• **Assignment**
Omit all pictures, and print word for word only the lines from the one containing "Я использую широкую" through the end of the data.

• **Supplied information**
--
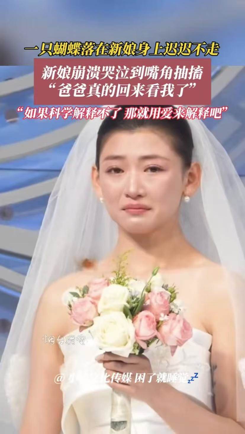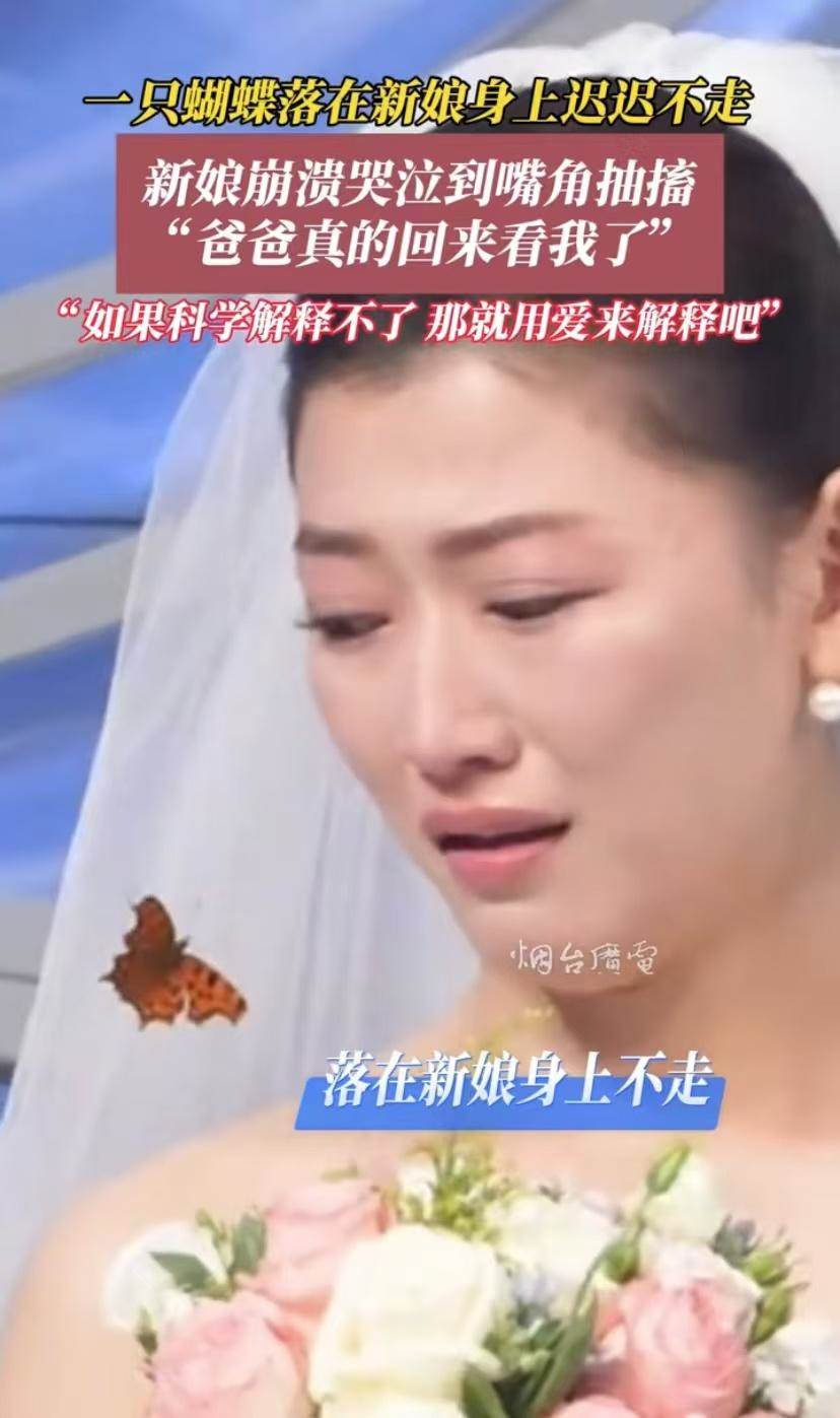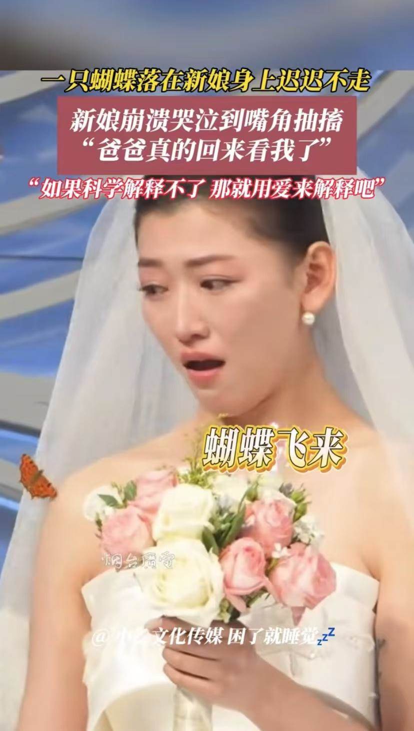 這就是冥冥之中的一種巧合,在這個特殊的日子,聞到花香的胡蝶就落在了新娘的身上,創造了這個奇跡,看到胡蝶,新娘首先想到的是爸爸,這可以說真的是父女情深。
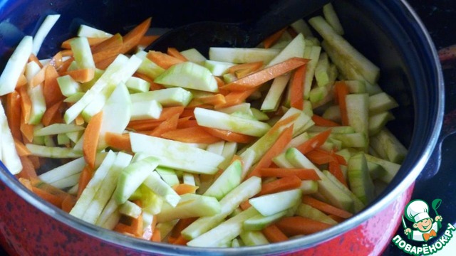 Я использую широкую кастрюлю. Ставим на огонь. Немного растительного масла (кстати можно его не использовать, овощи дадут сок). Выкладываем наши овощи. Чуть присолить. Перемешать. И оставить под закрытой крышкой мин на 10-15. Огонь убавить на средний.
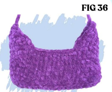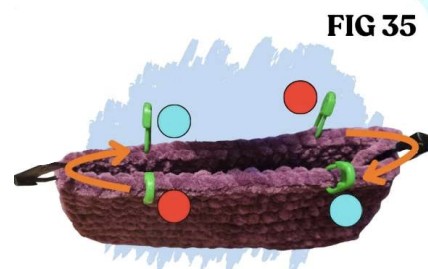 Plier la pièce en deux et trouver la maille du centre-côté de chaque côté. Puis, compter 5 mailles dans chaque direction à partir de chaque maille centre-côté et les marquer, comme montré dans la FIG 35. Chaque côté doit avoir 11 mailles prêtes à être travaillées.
--
• **Exercise result**
 Я использую широкую кастрюлю. Ставим на огонь. Немного растительного масла (кстати можно его не использовать, овощи дадут сок). Выкладываем наши овощи. Чуть присолить. Перемешать. И оставить под закрытой крышкой мин на 10-15. Огонь убавить на средний.
 Plier la pièce en deux et trouver la maille du centre-côté de chaque côté. Puis, compter 5 mailles dans chaque direction à partir de chaque maille centre-côté et les marquer, comme montré dans la FIG 35. Chaque côté doit avoir 11 mailles prêtes à être travaillées.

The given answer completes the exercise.